[What the task asks] Every line below from the one containing "弩是天球仪专武加自身跟召唤物" through the one containing "Pamlsky pro psy" is to be printed exactly, with the pictures omitted.

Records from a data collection
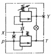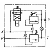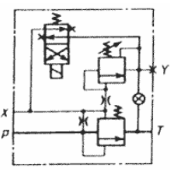 Предохранение гидросистемы от перегрузок, поддержание настроенного давления и дистанционная разгрузка путём соединения отверстия Х со сливной линией |
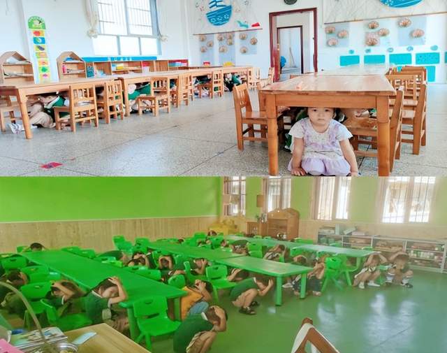 当听到第一声警报声响起,在教室里进行日常活动的幼儿立刻跟随着老师的指挥,迅速做出反应,低头弯腰、双手护头、蹲在桌下安全位置就地避震!第二遍警报声响起,幼儿在各班老师的指挥下,双手护头一个跟着一个有秩序地疏散到操场上。2分25秒,全体幼儿及老师安全撤离教室来到操场中心,整个演练过程快速、安全、有序。
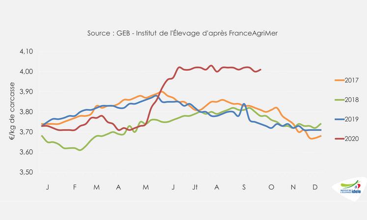 Le report de consommation de la restauration vers les repas pris à domicile bénéficie aux circuits de détail qui privilégient la viande française (tant en boucherie qu’en GMS). Le second confinement, en cours depuis le 5 novembre sur l’ensemble de la France, pourrait accentuer ce phénomène. Un bon point pour le prix des femelles. Depuis le printemps, la valeur de leur viande a progressé de 1 à 7 % selon les catégories (voir Graphe ci-contre)
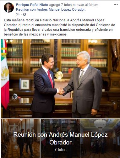 El encuentro generó bastante expectativa y cuando terminó, Obrador ofreció un mensaje a medios en el que informó que acordaron una transición pacífica y dijo que trabajarán de manera conjunta la renegociación del Tratado de Libre Comercio de América del Norte (TLCAN). Pero lo que más causó ruido en las redes fueron las fotos de la reunión que se difundieron a través de la cuenta oficial del presidente.
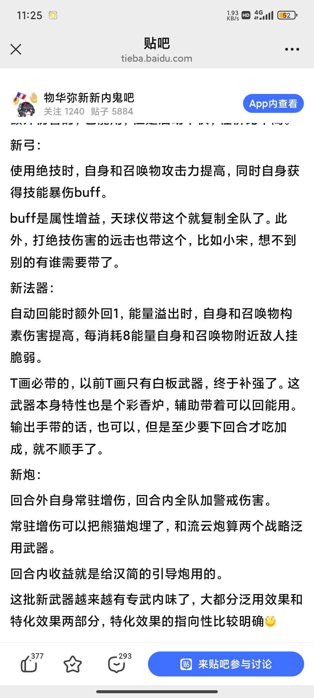 弩是天球仪专武加自身跟召唤物攻击力,自身获得buff,造成技能伤害时爆伤增加,这不就是给天球仪的,天球仪自身获得增益可以让全体召唤物也获得同样增增益。也能给T画的鸟加。构术武器是T画专武能量自动获取时概率获取一定点数能量,红武80%概率获得1点能量。这彩武100%获得2点没毛病吧?还加自身跟召唤物构术伤害,还能给周边怪加脆弱。这召唤队升天了啊,时隔多年,T画也终于有自己的专武了
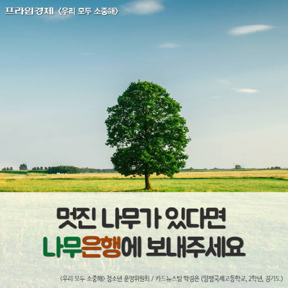 [프라임경제] '우리 모두 소중해' 캠페인의 재능기부 편집위원으로 참여하는 청소년 학생들은 발달장애인들의 감수를 거친 [우리모두뉴스] 기사를 [카드뉴스]로도 제작합니다. 이번에는 양평국제고등학교 3학년 박경은 학생이 '멋진 나무가 있다면 나무은행에 보내주세요' 기사를 카드뉴스로 제작했습니다.
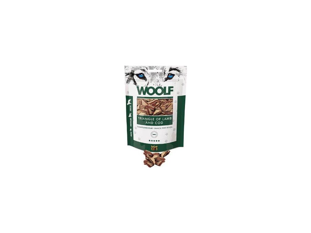 Pamlsky pro psy WOOLF, Lamb and Cod Triangle, 100 g
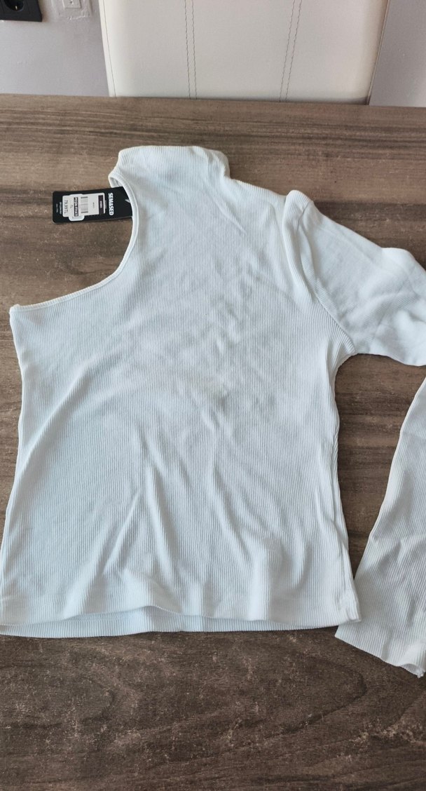 Pamuk kumaştan yapılmış, uzun kollu beyaz balıkçı yaka, vücuda oturan rahat bir tişört. Günlük dış mekan kullanımı için uygundur.
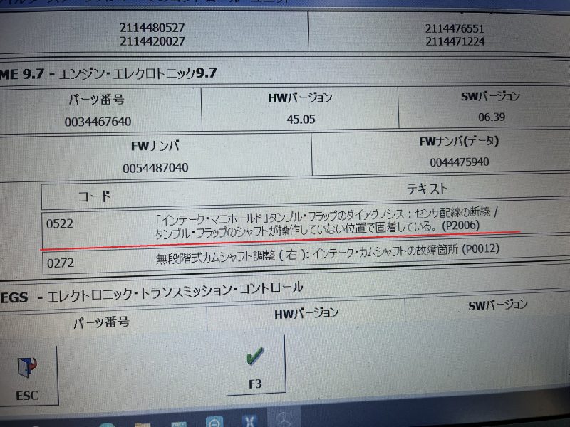 点検作業にてお預かりした、W211モデル/ベンツE250のテスター診断です。
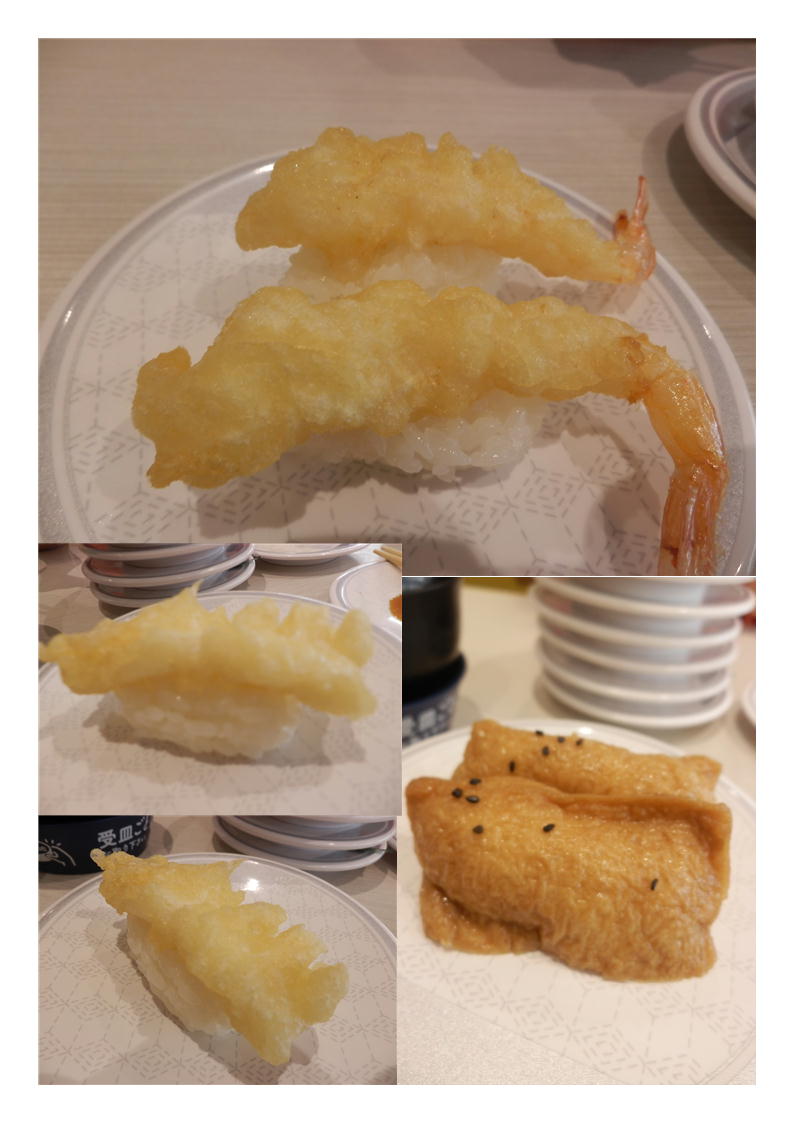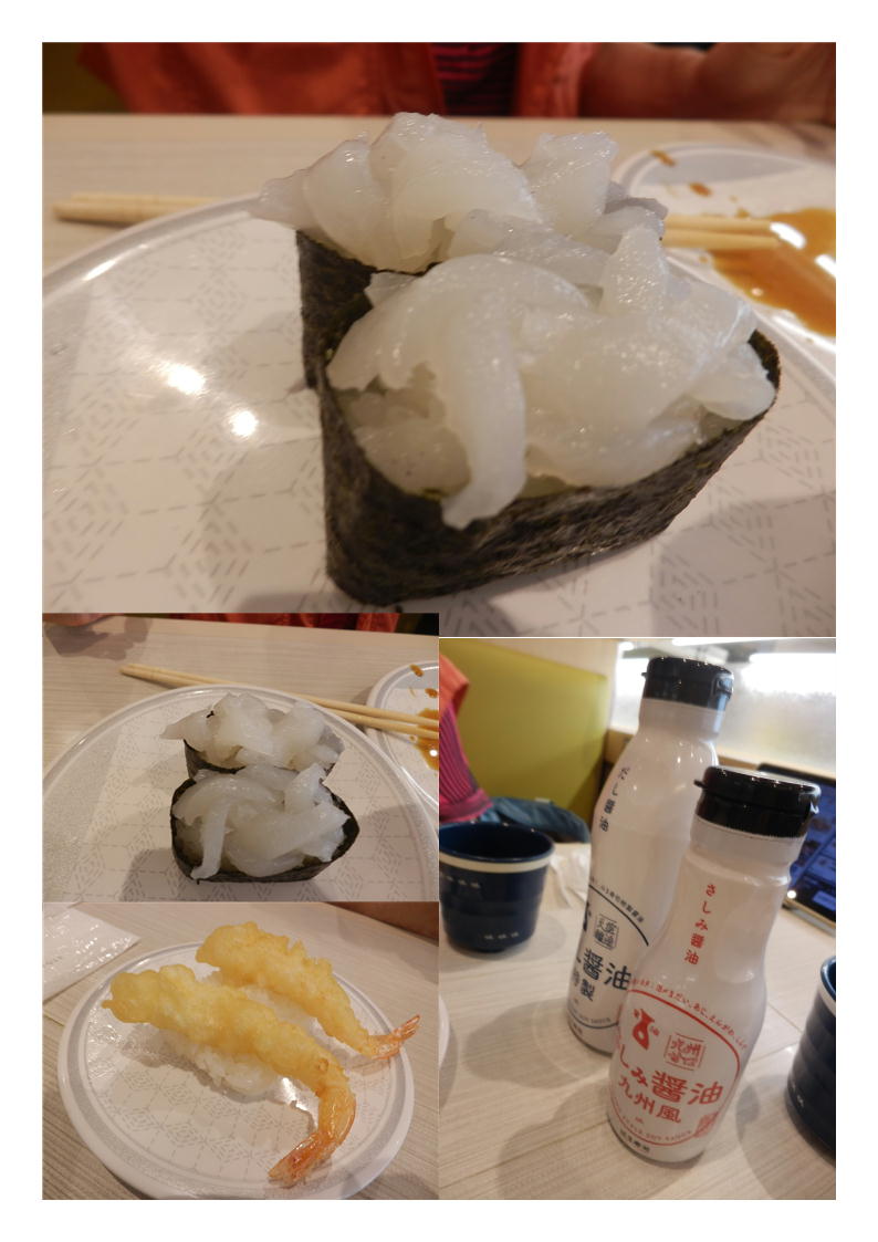 珍しく、妻が揚げ物。⑩エビ天鮨を注文していた。やや小ぶりではあるが揚げたてのエビ天に満足していた。それに触発されたのか、私は⑪イカ天を頼んでみた。今日のイカは結構肉厚。考えてみれば、今日はいかが多い、本当はコレステロールなども気にしなければいけない年齢かもしれない。私は、九州の醤油(甘いもの)をかけて食べるのが好き、これが合う。そういった意味でも常時4種の醤油が置かれているのはありがたい。
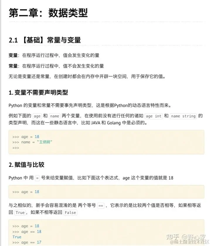 长见识了!字节跳动整理的python中文指南,电子版终于开放了 Theshy丶等风来 2023-11-20 228 阅读1分钟 想学习python?英语又不好怎么办?别慌!小编今天给大家整理了一份由字节跳动整理出来的【python中文指南】,该文档非常适合python小白学习,从python安装开始,一一介绍了出来,非常的详细!话不多说,直接上货! 文末获取 【python中文指南】如下: 第二章:数据类型 第三章:数据结构 第四章:控制流程 4.1 【基础】条件语句:if 第五章:学习函数 第六章:错误异常 获取方式:
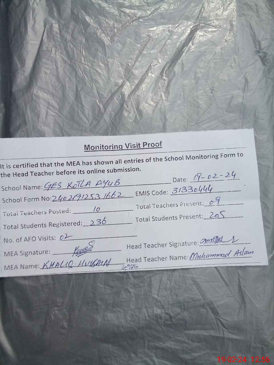 | EMIS Code: 31330444 | Name of School: GES KOTLA AYYUB | |||

[Task answer]
 弩是天球仪专武加自身跟召唤物攻击力,自身获得buff,造成技能伤害时爆伤增加,这不就是给天球仪的,天球仪自身获得增益可以让全体召唤物也获得同样增增益。也能给T画的鸟加。构术武器是T画专武能量自动获取时概率获取一定点数能量,红武80%概率获得1点能量。这彩武100%获得2点没毛病吧?还加自身跟召唤物构术伤害,还能给周边怪加脆弱。这召唤队升天了啊,时隔多年,T画也终于有自己的专武了
 [프라임경제] '우리 모두 소중해' 캠페인의 재능기부 편집위원으로 참여하는 청소년 학생들은 발달장애인들의 감수를 거친 [우리모두뉴스] 기사를 [카드뉴스]로도 제작합니다. 이번에는 양평국제고등학교 3학년 박경은 학생이 '멋진 나무가 있다면 나무은행에 보내주세요' 기사를 카드뉴스로 제작했습니다.
 Pamlsky pro psy WOOLF, Lamb and Cod Triangle, 100 g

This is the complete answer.